Album DescriptionThis is the longest selling album in the history of country music. Released in 1967, this collection of a dozen gems from country music’s biggest female voice raced to #5 on the country charts upon release and has expended over 630 weeks on the country catalog charts since reissue on CD in 1988. Digitally remastered/HDCD. MCA. 2003.

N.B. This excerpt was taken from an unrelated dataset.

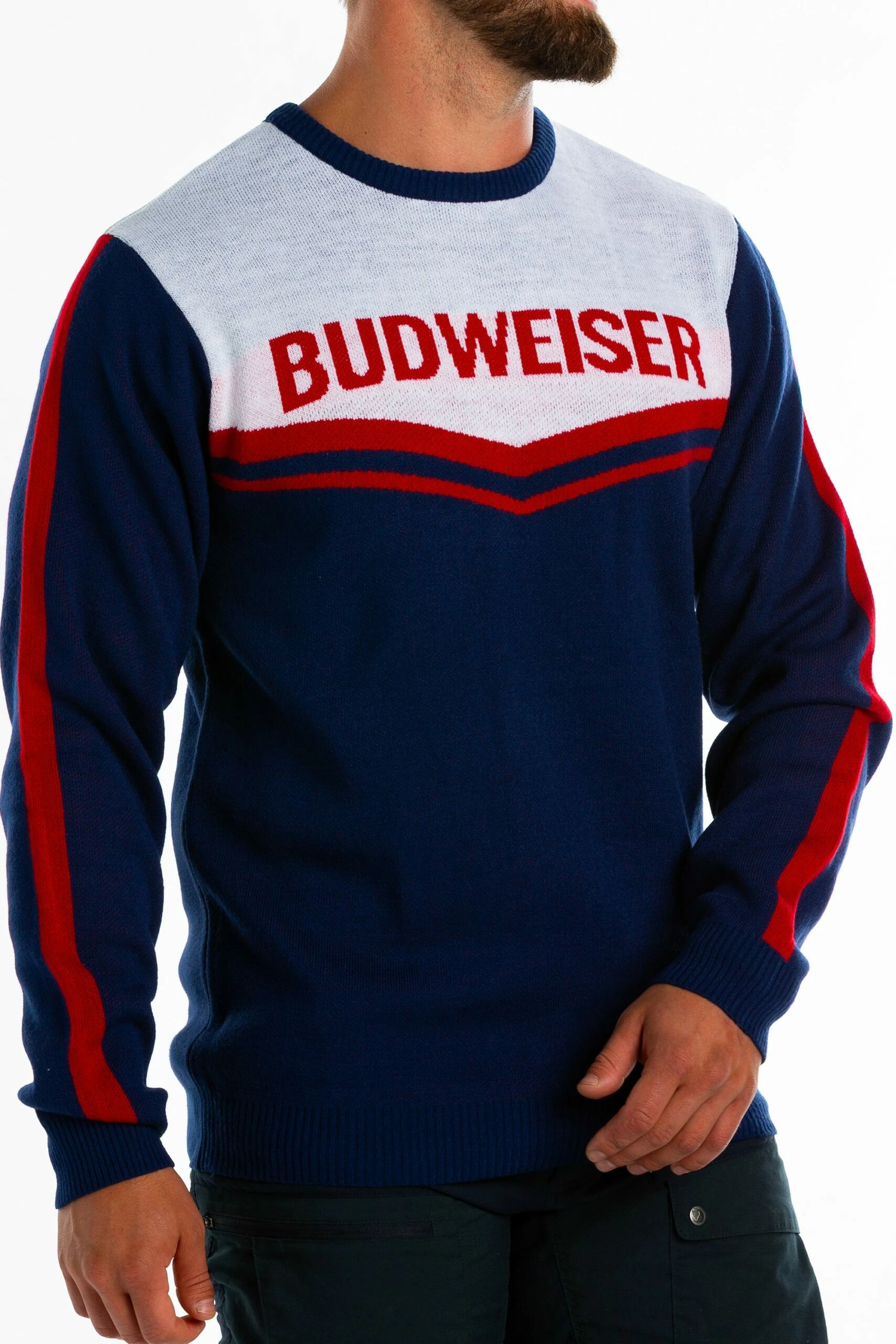 You technically could drink a different beer while wearing this Budweiser vintage inspired sweater, but that would feel kinda weird. Grab a cold Budweiser and slip into this comfy sweater and everything will feel just right.

necessary recordingIn the late 1950s and the ’60s, country music was fundamentally a singles medium. This album, original freed in 1967 and reissued on compact disc in 1988, collects Patsy Cline’s greatest hits–all of them from the country singles market–including “Walkin’ After Midnight,” “Sweet Dreams (Of You),” “Crazy,” and “I Fall to Pieces.” Producer Owen Bradley surrounds Cline’s full-throated, in an emotional manner charged vocals with lush, sophisticated arrangements that set the standard for Nashville’s “countrypolitan” sound. Before Shania Twain found a new (though not inevitably improved) way to combine country and pop in the 1990s, this was the top-selling country album of all time by a female artist. –Rick Mitchell
Most helpful client reviews
16 of 17 humans found the following review helpful. Immortal By D.V. Lindner The description of Cline that comes to mind for me each time one of her songs is played or even just her name comes up, was this one by David McGee in the 1992 Rolling Stone album guide: “Kitty Wells had retreated to less debatable ground after her 1952 hit, `It Wasn’t God Who Made Honky-Tonk Angels’ had found a sizable audience for it is distaff point of view; Cline, on the other hand remained a bulwark of effeminate fortitude to the end of her life.”
And this strength is apparent in each song the woman sings, no matter how much heartbreak the lyrics include. Patsy would in all likelihood reject the word `feminist’ and all the negative connotations it is picked up over the years, but if we fixed it is meaning to that of unshakable selfassurance and self-awareness it would surely partly include a broader Patsy. Her each performance proposes a woman keenly conscious of the scope of her talent, and she applied like the unerring pro she was.
Songs like “She’s Got You,” “I Fall To Pieces” and specially “Crazy” were substantially crossing over to the pop charts and pulling in even young rock and roll fans like I already was by that time. Had she lived, Patsy would surely have continued this accomplishment to even dandier heights. Her basi No. 1 pop hit was only one or two records away, no doubt. But once I heard her, even this 50-year-old R&B fan knew the Real Deal when I came upon it, and Patsy Cline is IT.
15 of 16 humans found the following review helpful. CRAZY…ABOUT PATSY CLINE… By Lawyeraau This hard living, hard loving, country diva had one of the most emotive voices in the history of country music. In her too short career, cut prematurely in a plane crash, she managed to put together a remarkable roster of musical hits and was a crossover sensation.
This is an perfectly definitive CD. There is plainly not one bad cut on it, with stand outs such as: “Crazy”, “She’s Got You”, “Back in Baby’s Arms”, “Why Can’t He Be You”, and “Leaving on Your Mind”. Ten of the cuts on this CD were top ten tunes on the pop charts of the time, while seven of them made the top ten on the country charts. Fans of Ms. Cline’s, as well as those music lovers just wanting a great CD, would be well satisfied with it, more so now that it has been re-mastered and available at a give away price.
13 of 15 persons found the following review helpful. I REMEMBER PATSY By D. W. Rossa I was born in 1931 and I lived through all the changes of the music from HILLBILLY to COUNTRY-SWING to COUNTRY WESTERN and then just plain COUNTRY.